### [YOUR TASK]
Set down, exactly and only, everything from the line containing "马龙身着的 AIGLE GORE-TEX®" down to the line containing "All that has" in the data below; the pictures are not part of the copy.

======== EXERCISE MATERIAL ========

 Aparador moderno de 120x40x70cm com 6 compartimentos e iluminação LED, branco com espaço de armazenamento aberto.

========
======== EXERCISE MATERIAL ========

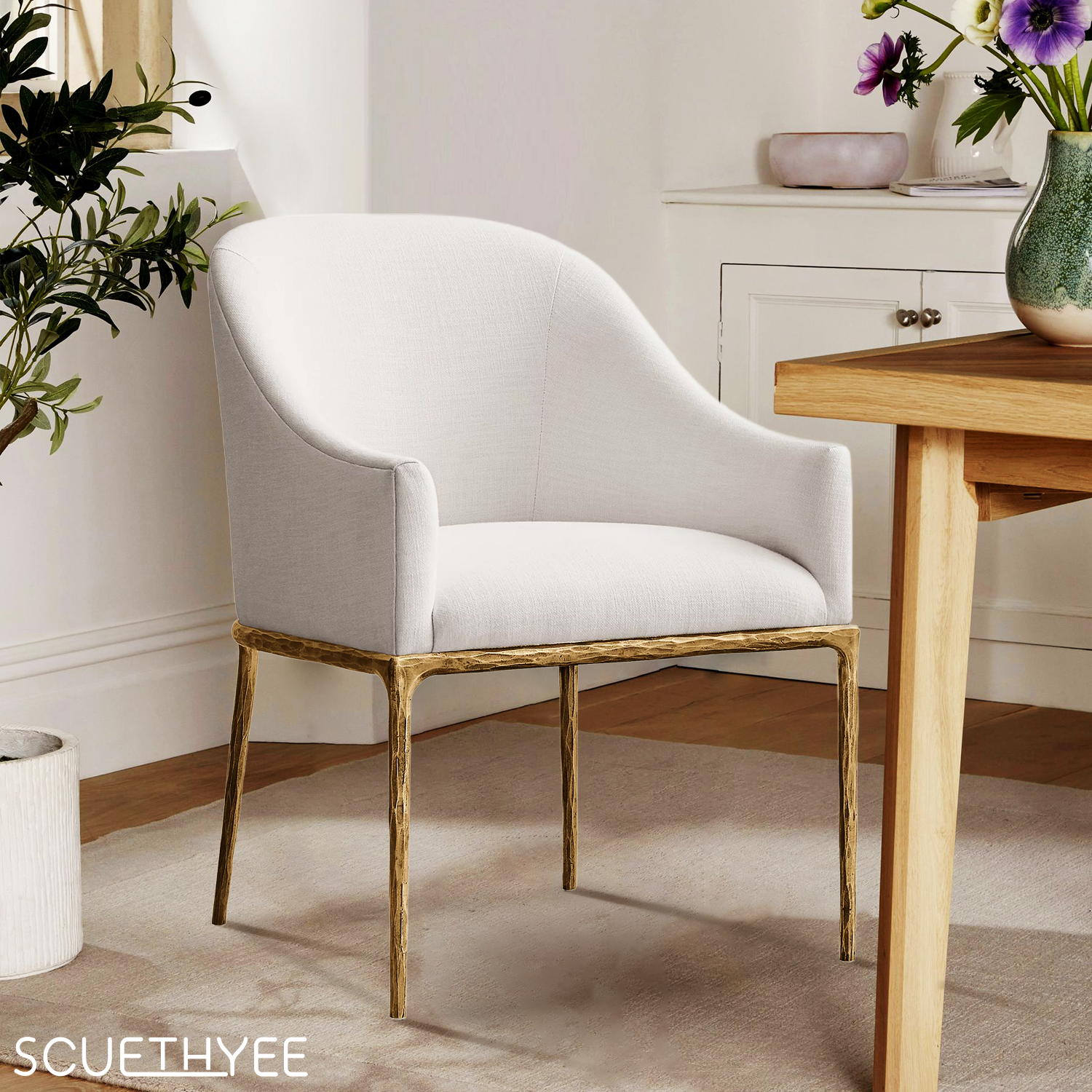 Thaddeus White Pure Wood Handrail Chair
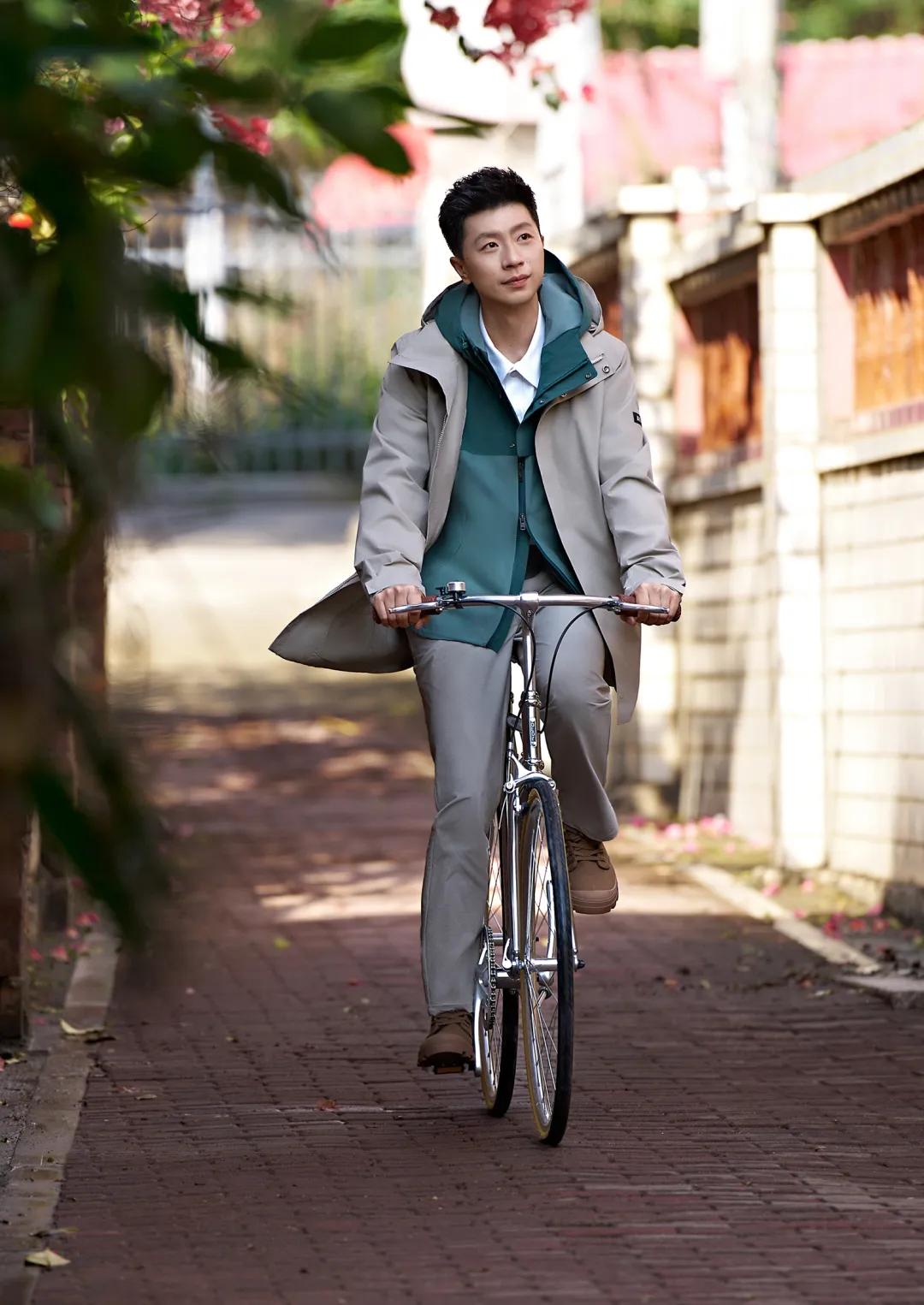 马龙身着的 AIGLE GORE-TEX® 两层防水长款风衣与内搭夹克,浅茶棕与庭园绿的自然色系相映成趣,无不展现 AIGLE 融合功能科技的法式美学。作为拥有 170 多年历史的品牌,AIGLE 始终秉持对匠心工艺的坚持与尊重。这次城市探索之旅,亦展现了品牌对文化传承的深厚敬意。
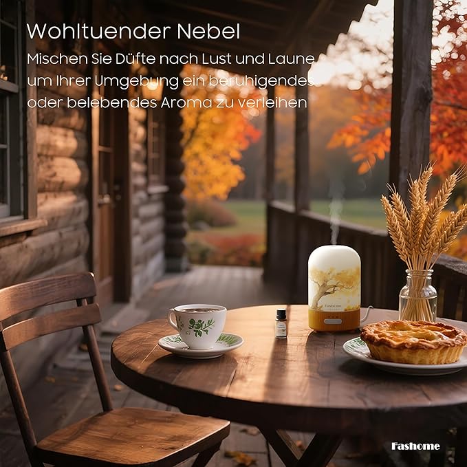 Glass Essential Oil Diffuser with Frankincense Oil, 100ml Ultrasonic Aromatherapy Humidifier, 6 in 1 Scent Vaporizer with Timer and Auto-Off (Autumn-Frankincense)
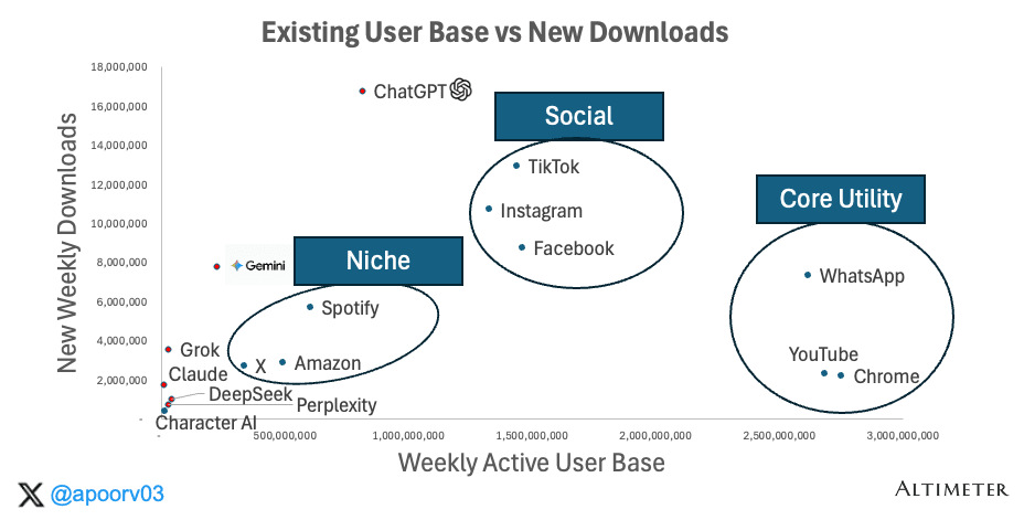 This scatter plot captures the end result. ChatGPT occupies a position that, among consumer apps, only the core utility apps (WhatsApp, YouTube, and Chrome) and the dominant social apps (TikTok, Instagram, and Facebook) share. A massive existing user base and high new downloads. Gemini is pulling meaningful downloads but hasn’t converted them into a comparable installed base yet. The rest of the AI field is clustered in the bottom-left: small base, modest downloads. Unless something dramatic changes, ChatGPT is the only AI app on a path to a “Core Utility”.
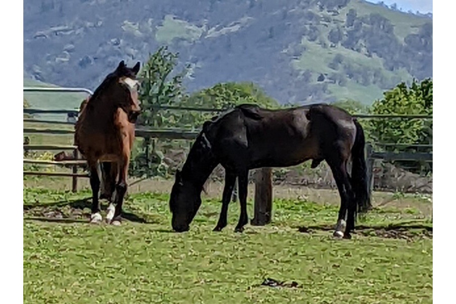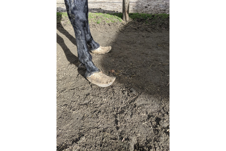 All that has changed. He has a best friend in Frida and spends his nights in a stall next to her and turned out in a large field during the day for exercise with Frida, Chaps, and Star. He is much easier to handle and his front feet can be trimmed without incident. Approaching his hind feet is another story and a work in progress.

========

### [RESULT FOR THIS TASK]
 马龙身着的 AIGLE GORE-TEX® 两层防水长款风衣与内搭夹克,浅茶棕与庭园绿的自然色系相映成趣,无不展现 AIGLE 融合功能科技的法式美学。作为拥有 170 多年历史的品牌,AIGLE 始终秉持对匠心工艺的坚持与尊重。这次城市探索之旅,亦展现了品牌对文化传承的深厚敬意。
 Glass Essential Oil Diffuser with Frankincense Oil, 100ml Ultrasonic Aromatherapy Humidifier, 6 in 1 Scent Vaporizer with Timer and Auto-Off (Autumn-Frankincense)
 This scatter plot captures the end result. ChatGPT occupies a position that, among consumer apps, only the core utility apps (WhatsApp, YouTube, and Chrome) and the dominant social apps (TikTok, Instagram, and Facebook) share. A massive existing user base and high new downloads. Gemini is pulling meaningful downloads but hasn’t converted them into a comparable installed base yet. The rest of the AI field is clustered in the bottom-left: small base, modest downloads. Unless something dramatic changes, ChatGPT is the only AI app on a path to a “Core Utility”.
 All that has changed. He has a best friend in Frida and spends his nights in a stall next to her and turned out in a large field during the day for exercise with Frida, Chaps, and Star. He is much easier to handle and his front feet can be trimmed without incident. Approaching his hind feet is another story and a work in progress.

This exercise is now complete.